Sunday, February 8, 2015

Creating Company Value & Higher Share Price

Whether a company is privately owned, or publicly traded, employees are hired to make the company more valuable by managing expenses and growing revenues and profitability.  Companies are usually sold based on some multiple, which varies by industry.   It could be 3 to 10 times annual profit, or some other industry specific formula.  It does not matter if the company is for sale or not, the shareholders of the company, that have risked their money to invest in the firm, are always concerned about shareholder value.  Naturally, shareholders expect a return on their investment that could come in the form of dividends, or upon sale of the company, presumably as a capital gain. 

A company is technically not in business to create jobs; but rather to create jobs that can provide a return on investment to the shareholders.  In well run companies, employees will benefit by creating value and a higher share price, in the form of higher salaries, incentives, bonuses, commissions etc. to share in the wealth that is created.  Ineffective employees are actually a drag on shareholder value, which is why performance objectives are used not only to measure individual performance; but to determine if the employee should remain in the company. 

Rightsizing, or lay-off's occur to cut expenses in response to lower revenues than anticipated.  Sometimes employees have a hard time understanding why lay-off's are necessary, even when presented with cold hard facts that make continued employment impossible.  This is particularly confusing when the company is hiring others, at the same time it is laying people off, to fill other positions that can better create value.  However, when all is said and done, Senior Management is responsible to the shareholders of the company and must act to protect their interests as the owners of the company.  At the end of the day, profits come from subtracting expenses from revenues.  What is left over we refer to as Pre-Tax Profits. 

Some businesses, like grocery stores, are high volume; but very low margin.   Those companies may be content to earn a 3% Pre-Tax Profit.  Most companies are focused on earning a 10 - 20% Pre-Tax Profit.   Of course, there are some companies that earn much more because they offer products, or services, with little or no competition, which allows them to dictate price.  That situation usually does not last for long as other companies enter industries deemed to be lucrative.

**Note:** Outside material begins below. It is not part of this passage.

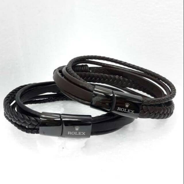 Gelang Tangan Pria Cowok Kulit Black | Shopee Indonesia

Most important, all employees must realize that their jobs are completely dependent on creating company value, higher profits and the higher share price that results.  It may seem cruel; but in a free market capitalist economy, creating company value is what makes everything work.   And, nothing works better.  We have seen the end result of Socialist and or Communist economics, where theoretically everybody is guaranteed a job.  I say "theoretically" because ultimately those systems have led to loss of freedom, misery and poverty.   Free Market Capitalism, with all its boom and bust cycles, focused on creating company value has created more wealth for more people than any other system in the history of the world.